Assignment
I need every line from the start of the material below up to and including the line containing "Le jeu de panneaux", restated exactly, with the pictures omitted.

Data for processing
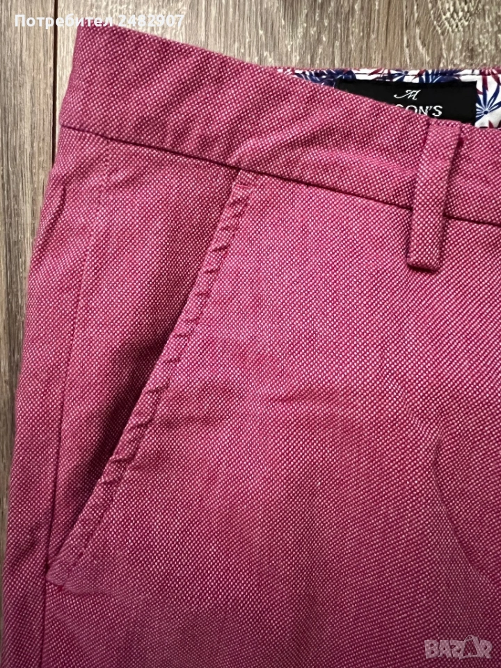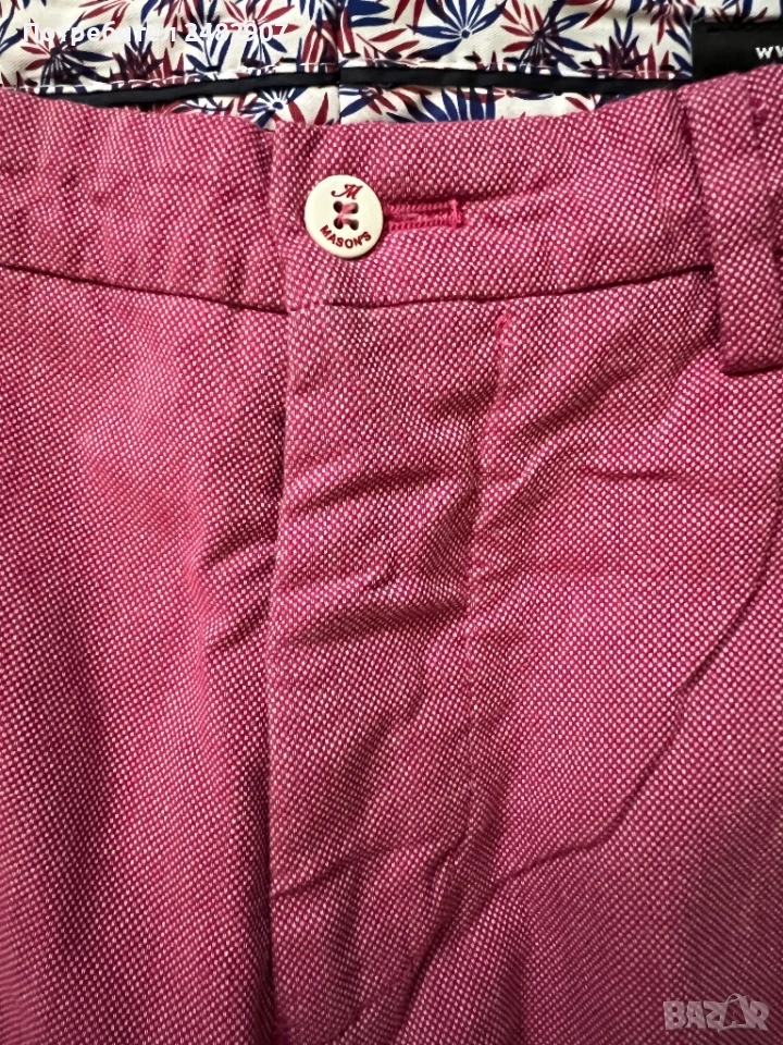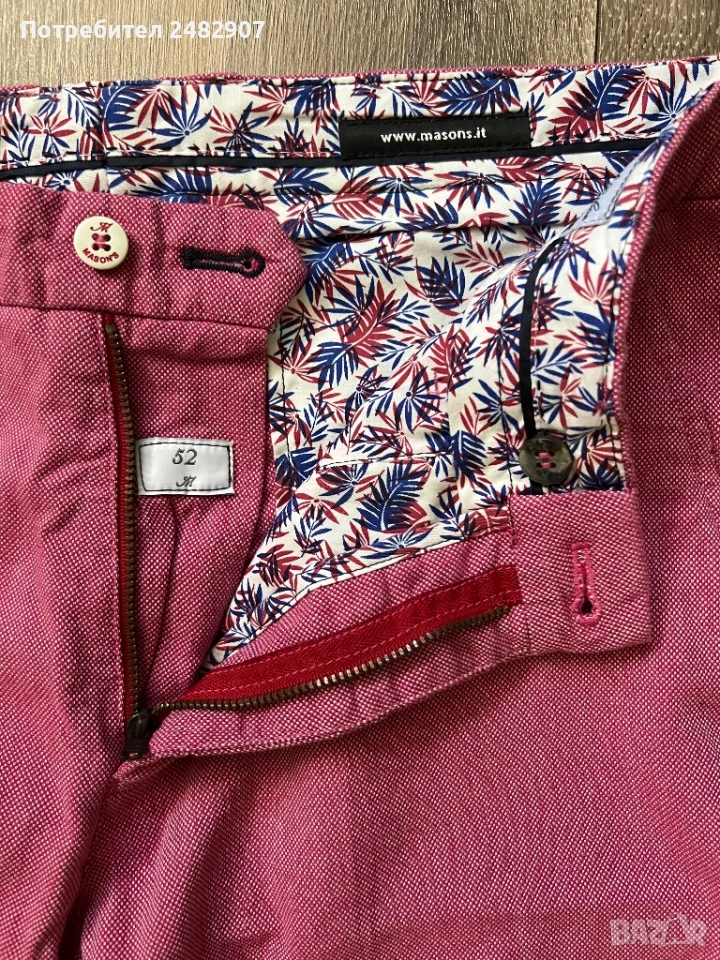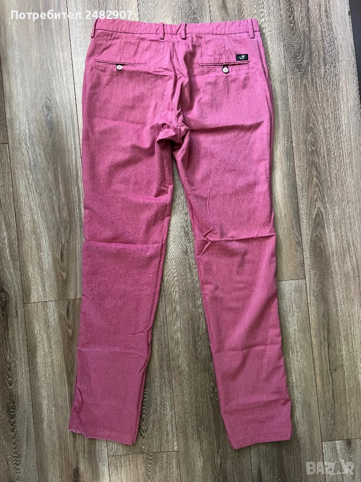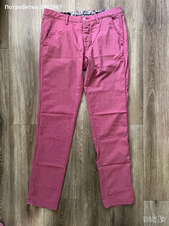 Спортно-елегантен мъжки панталон - високо качество, размер 52 (М). Ширина в талията - 45 см, дължина от талията до чатала - 24 см, дължина от талията до долу - 114 см, ширина на крачола в долната част - 19 см. Много запазен, обличан веднъж за повод, без забележки, неразличим от нов.
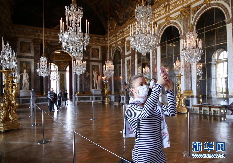 6月6日,游客在法國巴黎近郊凡爾賽宮的鏡廳內參觀游覽。 新華社記者 高靜 攝
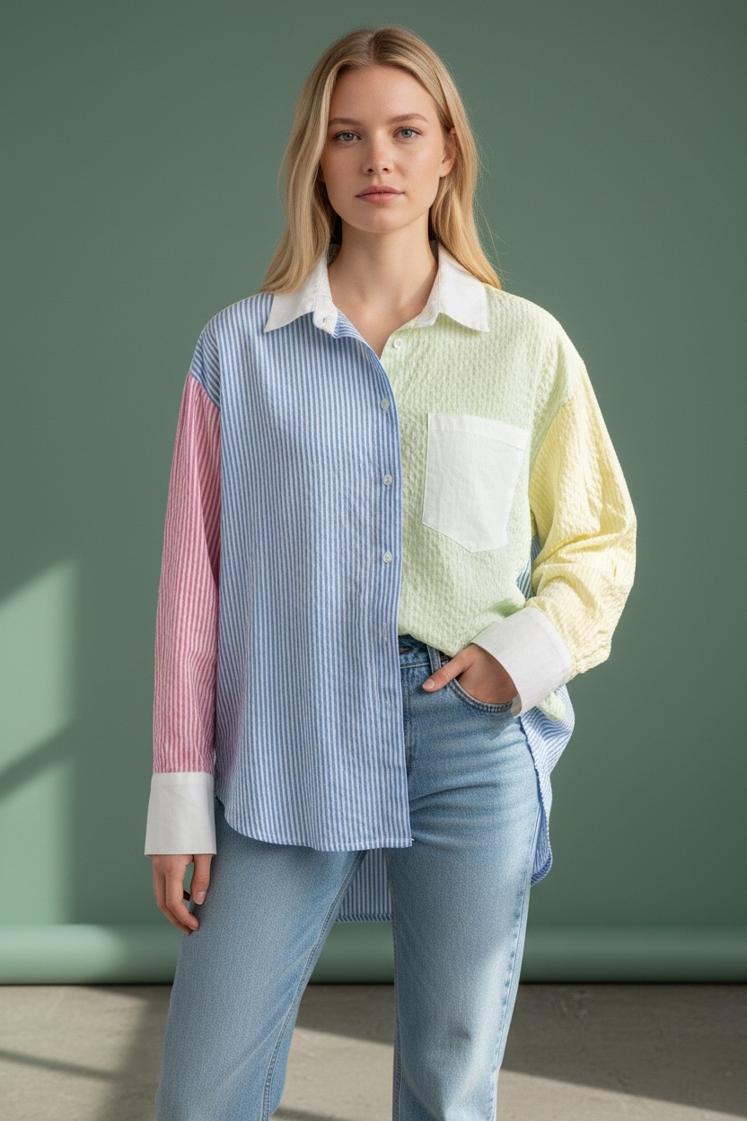 Le jeu de panneaux contrastés – rayures fines bleues, vert tendre texturé, touches de rose et de jaune – apporte du rythme et du caractère à la pièce. Le col blanc contrastant structure l’ensemble et équilibre parfaitement l’audace du patchwork, offrant un rendu chic et facile à porter. La poche poitrine ton sur ton ajoute une note casual et fonctionnelle.
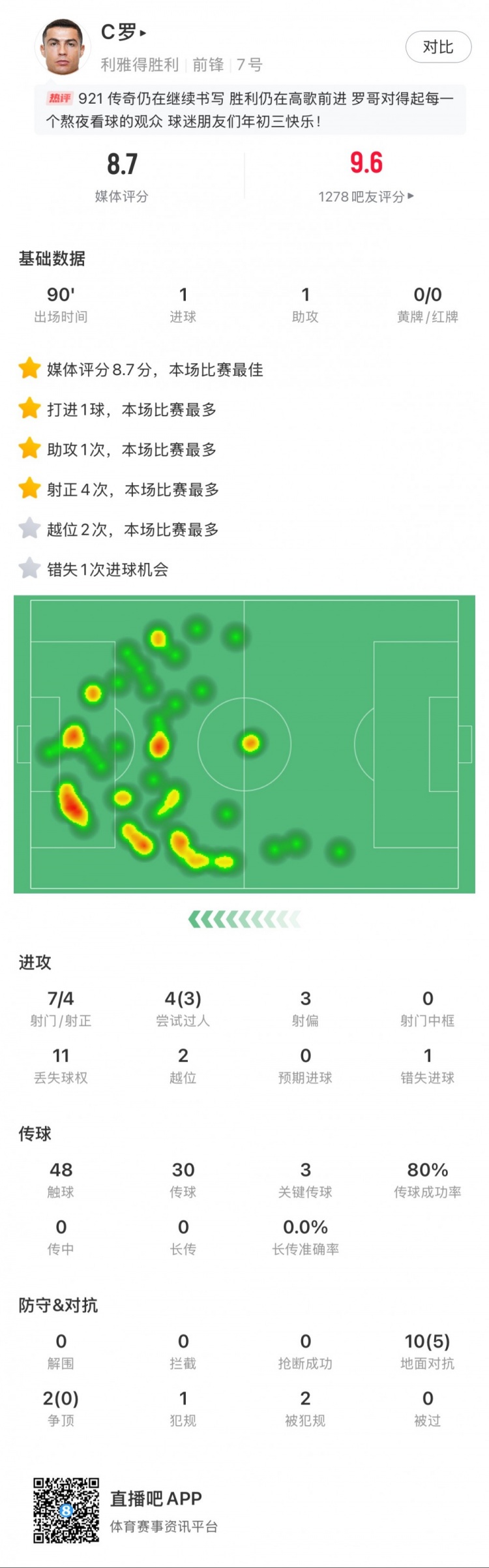1月31日訊 沙特聯(lián)第18輪,利雅得勝利客場2-1戰(zhàn)勝布賴代先鋒。C羅全場數(shù)據(jù):1球1助7次射門4次射正4次過人3次成功錯失1次得分機會48次觸球30次傳球24次成功3次關(guān)鍵傳球創(chuàng)造1次得分機會10次地面對抗贏得5次2次爭頂贏得0次11次丟失球權(quán)1次犯規(guī)2次被犯規(guī)2次越位媒體評分8.7全場最高 本文標(biāo)簽: 足球 C羅 利雅得勝利
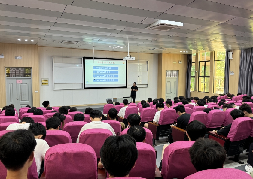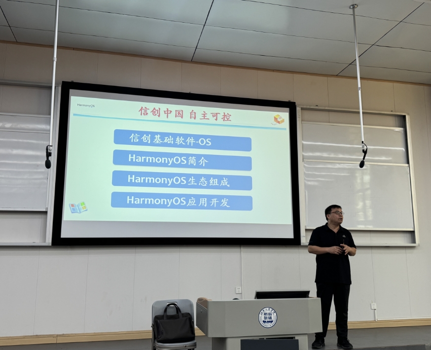 2025 年 6 月 21 日上午 9 点,sunbet官方网站仙女湖校区 C106 教室座无虚席,一场聚焦信创产业基础软件领域的学术盛宴在此拉开帷幕。南昌大学软件公司欧阳皓教授应邀为 2024 级软件工程 1-3 班、区块链工程 1 班的同学们以及部分专业教师带来了一场主题为《信创产业基础软件之 HarmonyOS》的精彩讲座。
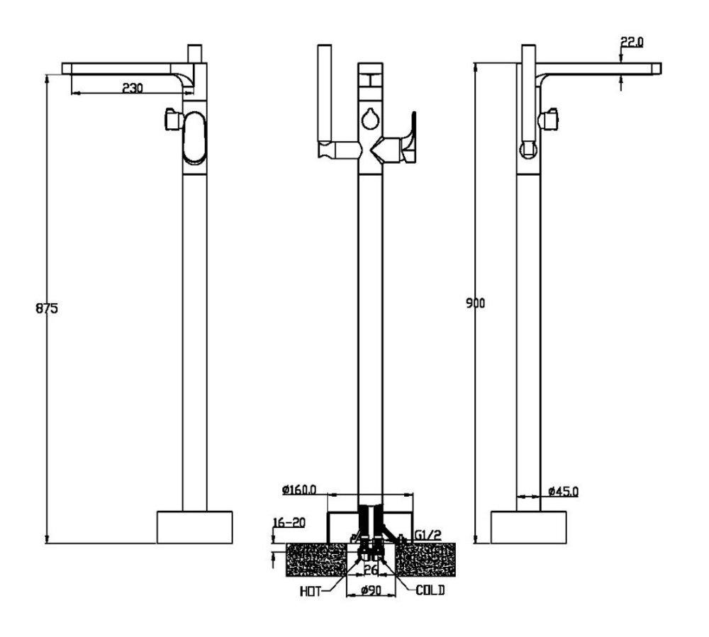 Смеситель напольный Boheme Spectre 459-BR для ванны, ручной душ, бронза
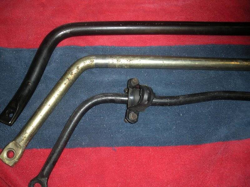 I was looking through the attic for parts to list for sale here and on FABO when I found a 5/8" rear sway bar that my brother in law bought at the Van Nuys Spring Fling in 2012. The center to center of the end link eyelets matches the frame rails of the Charger and would be too wide for the Duster he has. There is another 5/8" bar that is narrower. It is new and has all the hardware so without him knowing, WE traded and he actually got the better end of the deal.
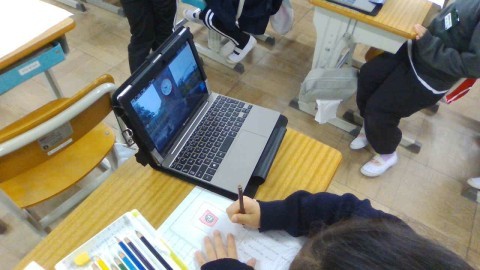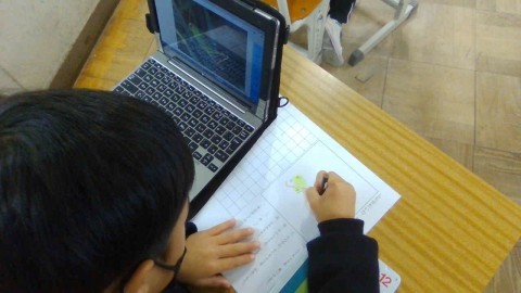 国語科「しらせたいな、見せたいな」の学習で、タブレットで撮影した写真などを基に知らせたい物や生き物の絵を丁寧に描いていました。色や形、大きさや触感などの特徴をしっかりと捉えることができていました。
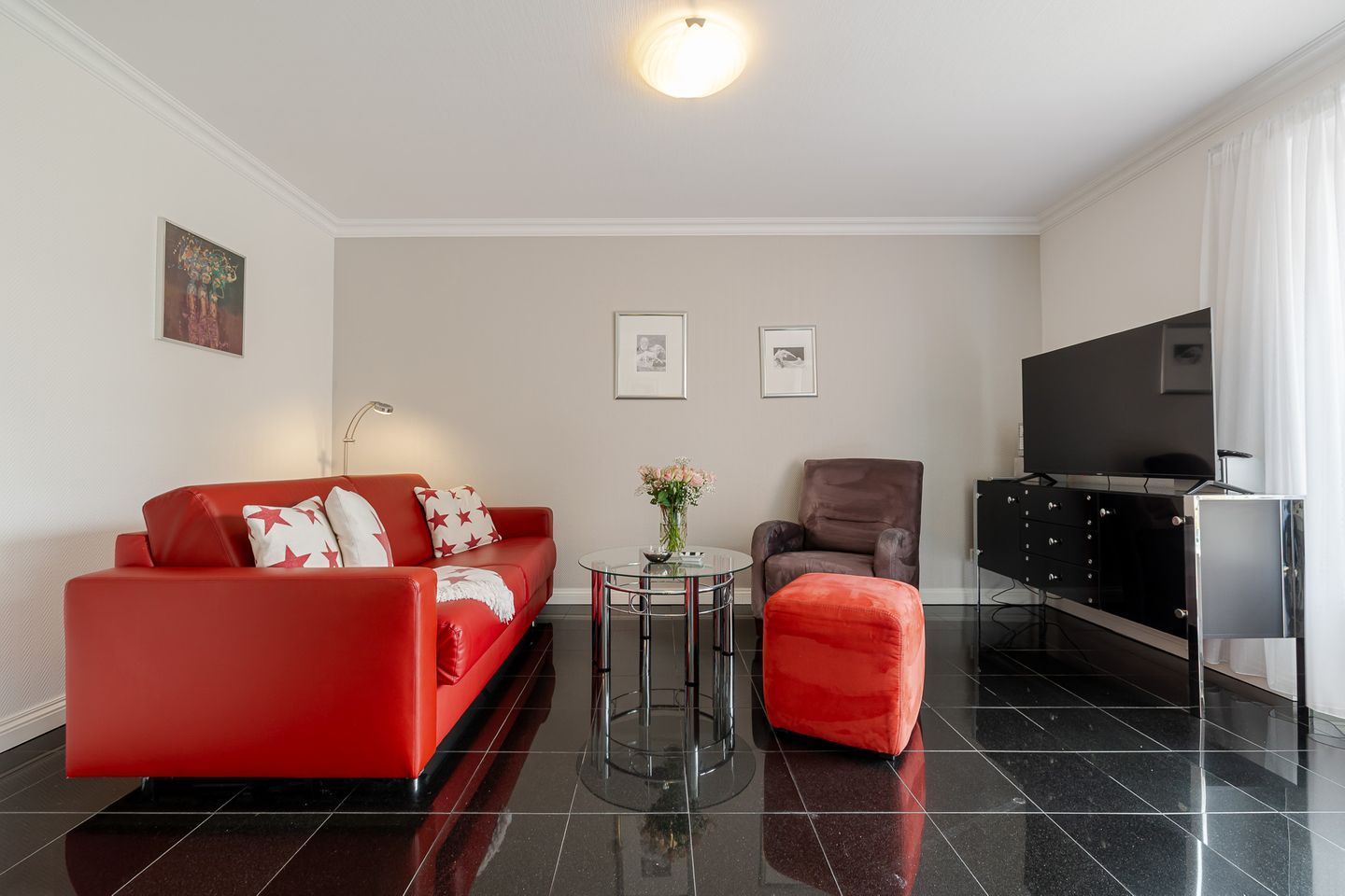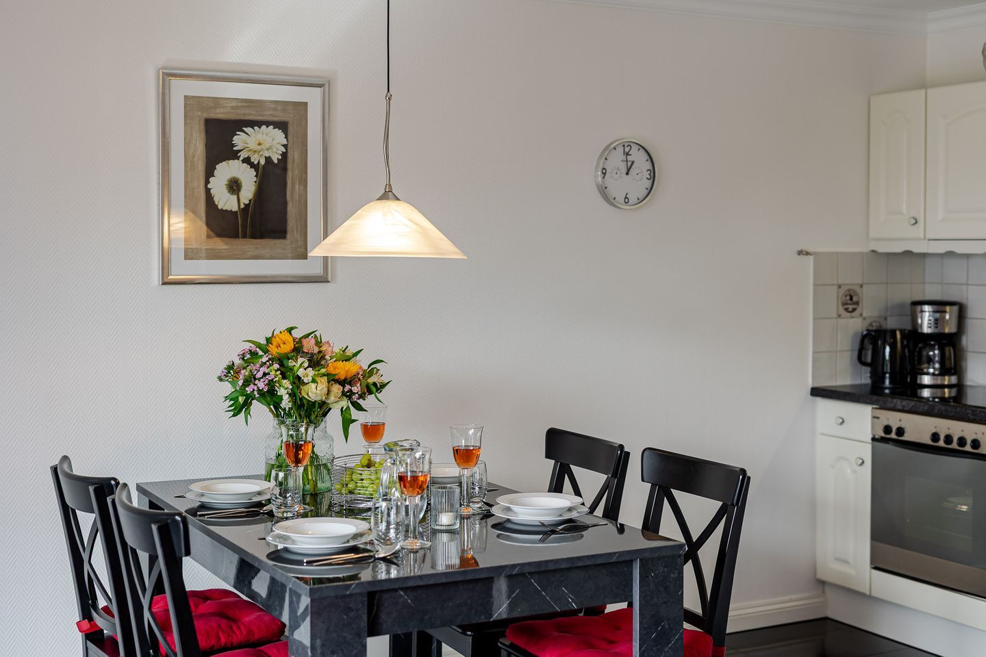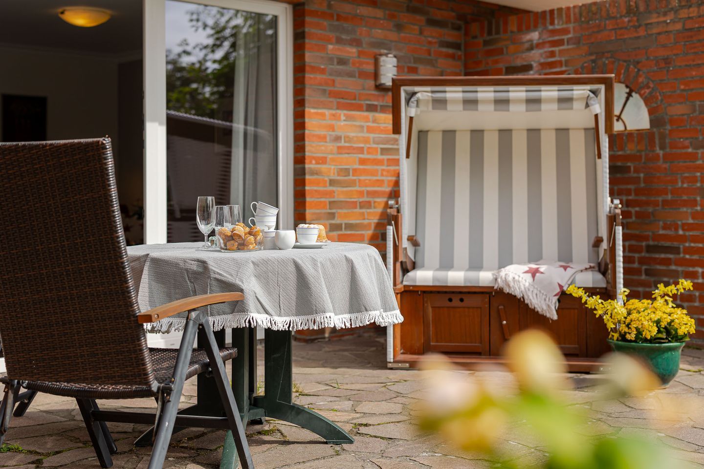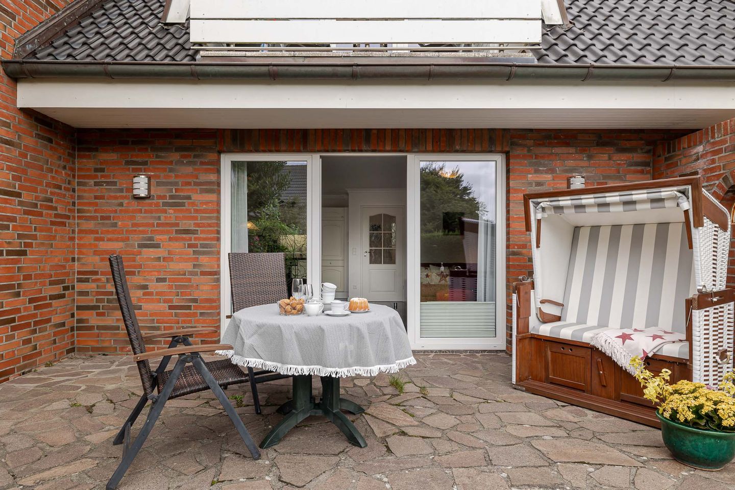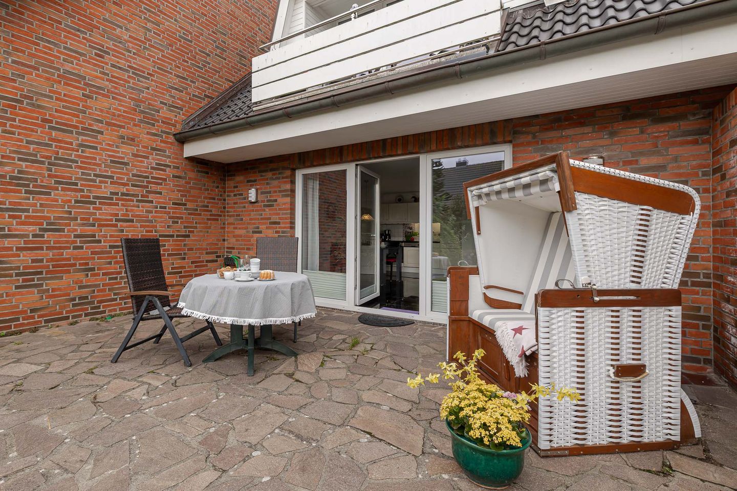 Im Wohnzimmer erwarten Sie ein Kabel-TV und eine Musikanlage für entspannte Stunden. Die Couch im Wohnbereich lässt sich bei Bedarf zu einem Doppelbett umfunktionieren und sorgt so für zusätzliche Flexibilität. Die möblierte Südterrasse mit eigenem Strandkorb ist das Herzstück der Wohnung – hier können Sie die Sylter Sonne und die frische Meeresbrise in vollen Zügen genießen.
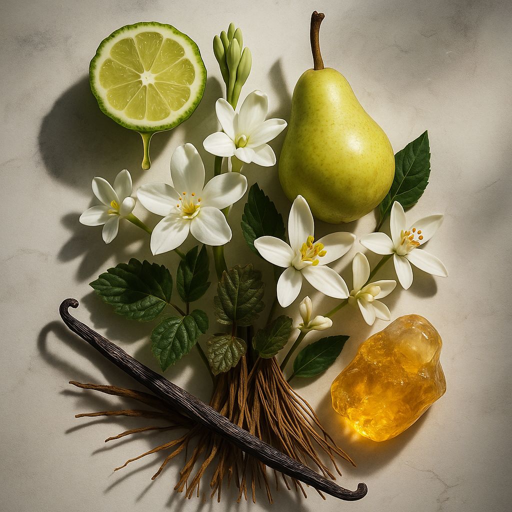 Son ouverture éclatante mêle la fraîcheur vive de la bergamote à la douceur de la poire. Le cœur floral, construit autour du nardos, de la fleur d’oranger et du jasmin sambac, exprime sensualité et élégance. Enfin, le fond riche de patchouli, vétiver, ambroxan et vanille enveloppe la peau d’une aura intense et sophistiquée.
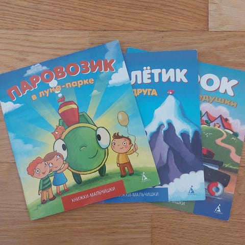 Venäjänkielinen kirjapaketti, joka sisältää sekä lasten että aikuisten kirjoja ja tehtäväkirjoja. Mukana on kuvakirjoja, tietokirjoja, tarinakirjoja sekä erilaisia tehtävä- ja puuhakirjoja, kuten numeroiden ja kirjainten harjoittelua, tarroja ja muita oppimistehtäviä.

Task response
 Спортно-елегантен мъжки панталон - високо качество, размер 52 (М). Ширина в талията - 45 см, дължина от талията до чатала - 24 см, дължина от талията до долу - 114 см, ширина на крачола в долната част - 19 см. Много запазен, обличан веднъж за повод, без забележки, неразличим от нов.
 6月6日,游客在法國巴黎近郊凡爾賽宮的鏡廳內參觀游覽。 新華社記者 高靜 攝
 Le jeu de panneaux contrastés – rayures fines bleues, vert tendre texturé, touches de rose et de jaune – apporte du rythme et du caractère à la pièce. Le col blanc contrastant structure l’ensemble et équilibre parfaitement l’audace du patchwork, offrant un rendu chic et facile à porter. La poche poitrine ton sur ton ajoute une note casual et fonctionnelle.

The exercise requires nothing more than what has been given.